What I and other ace's get tired of is everyone else. Our society is extremely sexualized. You all are obsessed with it. It's everywhere. It's how most products are advertised. Sex sells. Isn't that the saying? Just watch any commercial or print ad. How are they selling the product? Wear this, buy this, drive this, eat this and whatever sexual orientation you're into will fall at your feet. Even products that don't push sex down our throats are still advocating or insinuating generally the heteronormative sexual lifestyle. And by that I mean, if it isn't selling you sex, it is selling you a sexual partner, marriage, a family with kids. If you're renting or buying a place to live and you're single, it is presumed it's a bachelor pad, temporary, until you meet your significant other.
You know what we really hate? The "Oh you just haven't met the right person yet". Pity. We hate pity. So sorry you're still single. Please. You have no idea how happy I am that I don't have to deal with any of that shit. You all are like, oh my god, I'm so sorry, you haven't had sex in how many days? Uh, try decades. I love the fact that I don't have to share a bed. I love that I don't have to depend on or be depended on for any type of sexual or romantic adoration, need, or desire.

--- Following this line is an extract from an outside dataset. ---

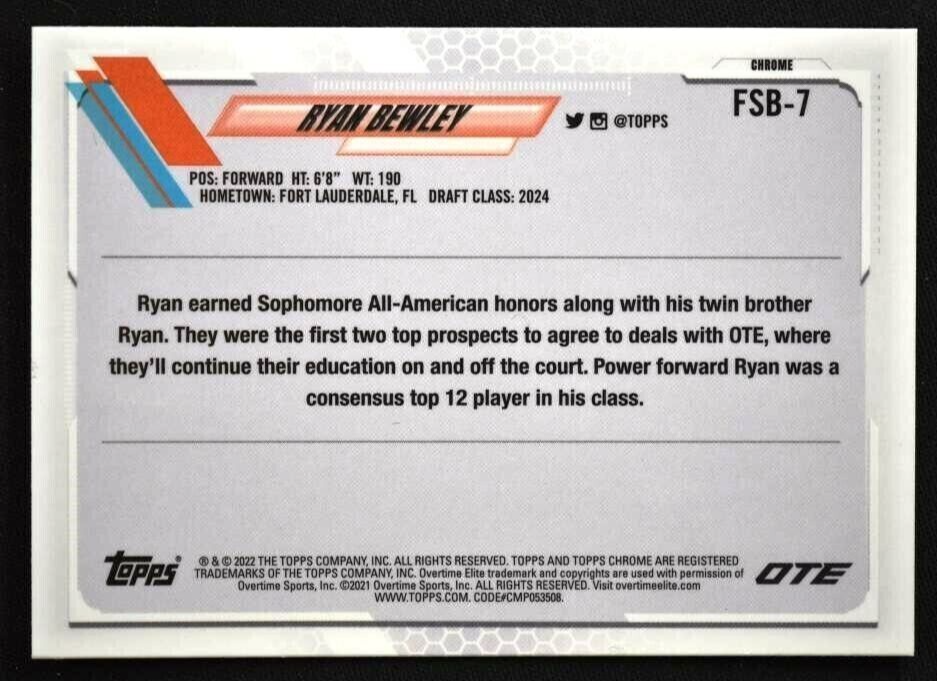 21-22 Ryan Bewley Topps Chrome Overtime Elite Base Future So Bright Variation

But sex is everywhere in our culture. 99.9% of TV, movies, and even literature is sexual. If the two lead characters aren't together it's either because there is some sort of angst or they have other partners. All the supporting characters have partners or desire partners. If they are single, it's not because they are ace, it's because they have some sort of "flaw" that prevents them from having a sexual partner. I always found it so alien to me why characters were hooking up when they do in media. Why are they having sex right now? I don't get it. They haven't even solved the murder yet. They just met like 20 minutes ago! Now I get that it's just how you 99% think all the time. Do you not find it exhausting thinking about sex all the time? I mean, give it a rest.
I'm happy that I am single. My life is fulfilled. I am a complete human. I never understood the "not a full person without your other half" thing. Like I'm somehow not a fully fleshed person unless I have a sexual or romantic partner. Screw that.
Now don't get me wrong, I can and do enjoy tv, movies, and books with sex and romance. It's been streamed into my eye holes forever. That is again 99% of all media. I mean seriously, how many books have you read or shows have you watched that had an ace lead character? Hell even an ace secondary character? I'll wait...
And before you ask me way to personal questions and you're actually interested in what I just said. Start here:
Then we can have some conversations.
Last thing, the "A" in LGBTQIA doesn't stand for "ally". It stands for me.
So this socially awkward, middle aged, crazy cat lady is trying to wear her scarlet letter with Pride. Step one: step out of the closet and say hello.